(Brief): Print all of the entries exactly, minus the pictures.

Records from a data collection
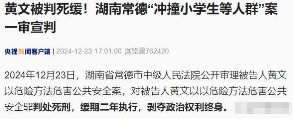 12月23日,湖南省常德市中级人民法院对备受关注的“男子驾车恶意冲撞小学生及人群”案进行了一审宣判,判处被告人黄文死刑,缓期二年执行,并剥夺政治权利终身。
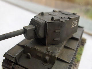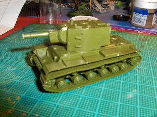 Last night I was watching the hockey game and decided to paint the model. I'd already undercoated/basecoated with the excellent Krylon "Camo" green primer (a dead-nuts match for Russian armour olive) so I just needed to do some drybrushing and weathering, and stick the model on a Greg-approved base ;-)
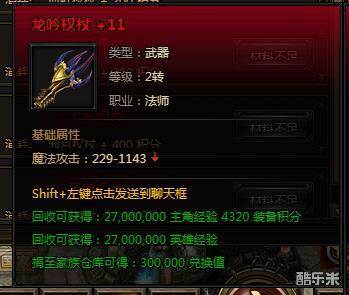 龙吟权杖。法师装备。2转以上装备,魔法攻击提升229-1143点。
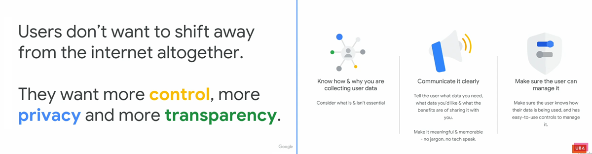 Mais, et c’est là que réside le grand point d’interrogation, « la question qui se pose à propos d’Internet en 2022 est de savoir si un tel modèle publicitaire est suffisamment bon. » Car, explique Matt Brittin, « Internet connaît actuellement un changement fondamental, et les citoyens veulent plus de vie privée et plus de contrôle de leurs données en ligne. Il convient au moins de leur expliquer pour quelle raison vous collectez des données, mais aussi de le faire de manière transparente. » Il ajoute : « Vous devez expliquer clairement à vos utilisateurs en quoi la collection de leurs données est un avantage pour eux. » Quoi que vous fassiez, « it needs to be MUM: Meaningful, Understandable and Memorable. »
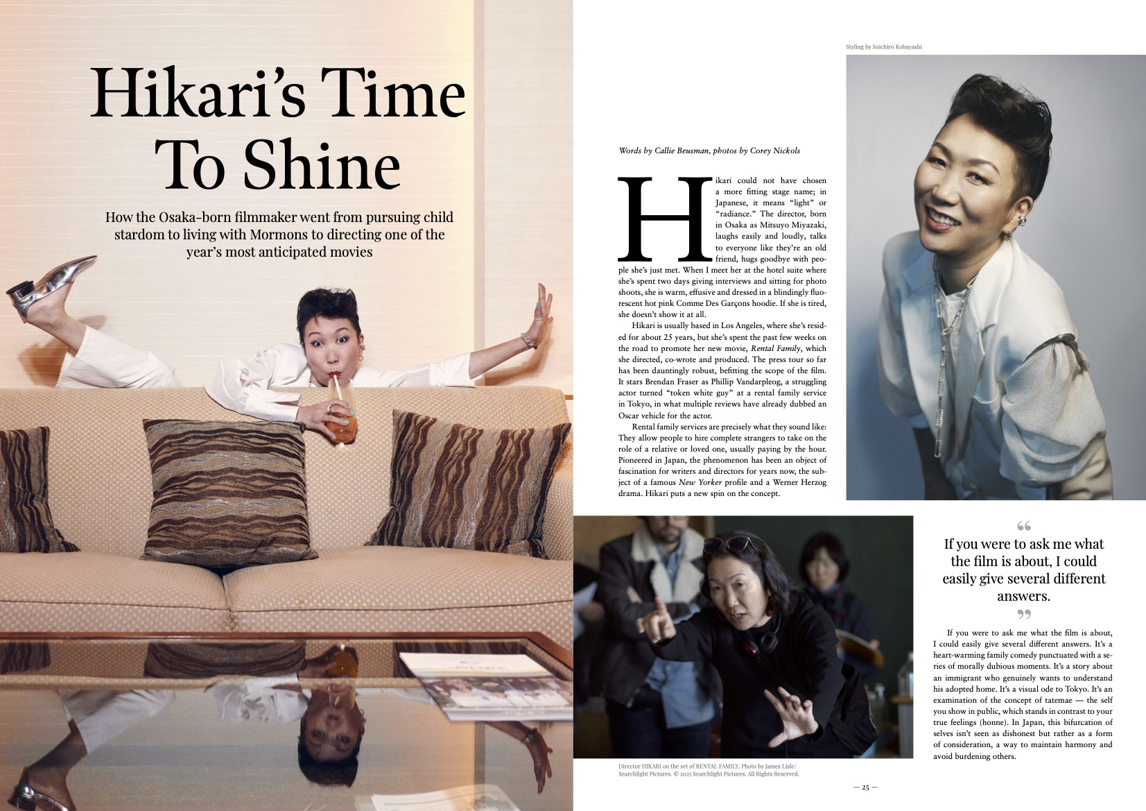今号のカバーには、長編映画『Rental Family』で世界的な注目を集める映画監督・HIKARIが登場。大阪で生まれ、ロサンゼルスへ渡った彼女は、子役時代や多文化背景を持つ経験を経て、独自の視点で作品を生み出しています。
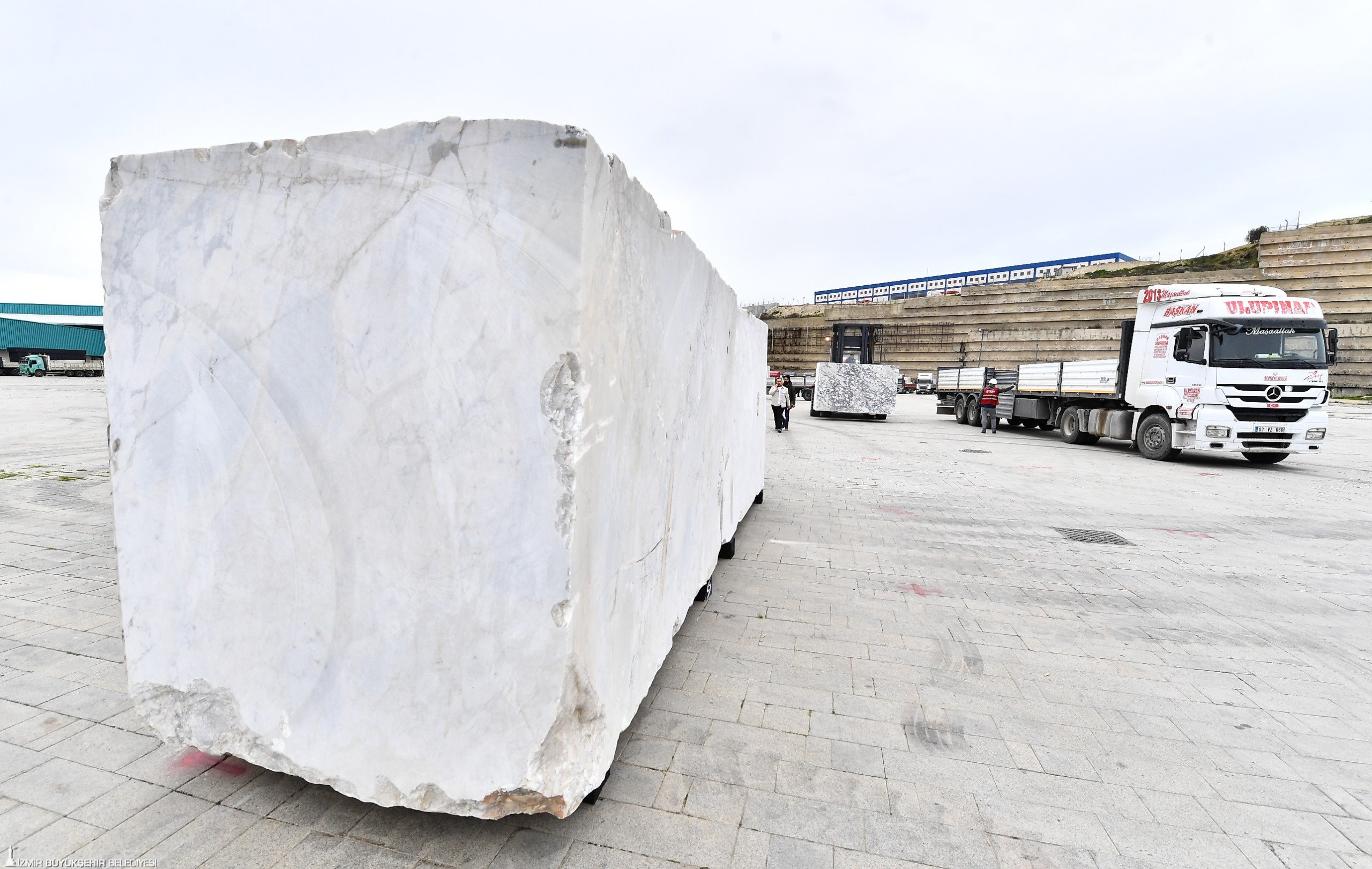 Fuarda sergilenecek blokların her birinin ağırlığı 20 tonu aşabiliyor. Bini aşkın bloğun getirileceği fuar alanında sergilenecek mermerlerin toplam ağırlığı ise yaklaşık 10 bin ton olduğu bilinen Eyfel Kulesi’nin iki katına ulaşarak 20 bin tonu bulacak.
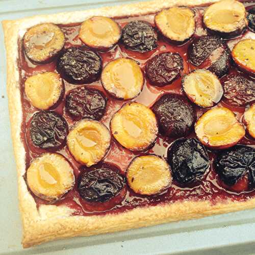 This plum tart known as Zwetschgen-Wähe in German originated in Switzerland and is typically prepared as thin square slices of sweet tart filled with a custard mixture and halved or sliced plums.

(Task output):
 12月23日,湖南省常德市中级人民法院对备受关注的“男子驾车恶意冲撞小学生及人群”案进行了一审宣判,判处被告人黄文死刑,缓期二年执行,并剥夺政治权利终身。
 Last night I was watching the hockey game and decided to paint the model. I'd already undercoated/basecoated with the excellent Krylon "Camo" green primer (a dead-nuts match for Russian armour olive) so I just needed to do some drybrushing and weathering, and stick the model on a Greg-approved base ;-)
 龙吟权杖。法师装备。2转以上装备,魔法攻击提升229-1143点。
 Mais, et c’est là que réside le grand point d’interrogation, « la question qui se pose à propos d’Internet en 2022 est de savoir si un tel modèle publicitaire est suffisamment bon. » Car, explique Matt Brittin, « Internet connaît actuellement un changement fondamental, et les citoyens veulent plus de vie privée et plus de contrôle de leurs données en ligne. Il convient au moins de leur expliquer pour quelle raison vous collectez des données, mais aussi de le faire de manière transparente. » Il ajoute : « Vous devez expliquer clairement à vos utilisateurs en quoi la collection de leurs données est un avantage pour eux. » Quoi que vous fassiez, « it needs to be MUM: Meaningful, Understandable and Memorable. »
今号のカバーには、長編映画『Rental Family』で世界的な注目を集める映画監督・HIKARIが登場。大阪で生まれ、ロサンゼルスへ渡った彼女は、子役時代や多文化背景を持つ経験を経て、独自の視点で作品を生み出しています。
 Fuarda sergilenecek blokların her birinin ağırlığı 20 tonu aşabiliyor. Bini aşkın bloğun getirileceği fuar alanında sergilenecek mermerlerin toplam ağırlığı ise yaklaşık 10 bin ton olduğu bilinen Eyfel Kulesi’nin iki katına ulaşarak 20 bin tonu bulacak.
 This plum tart known as Zwetschgen-Wähe in German originated in Switzerland and is typically prepared as thin square slices of sweet tart filled with a custard mixture and halved or sliced plums.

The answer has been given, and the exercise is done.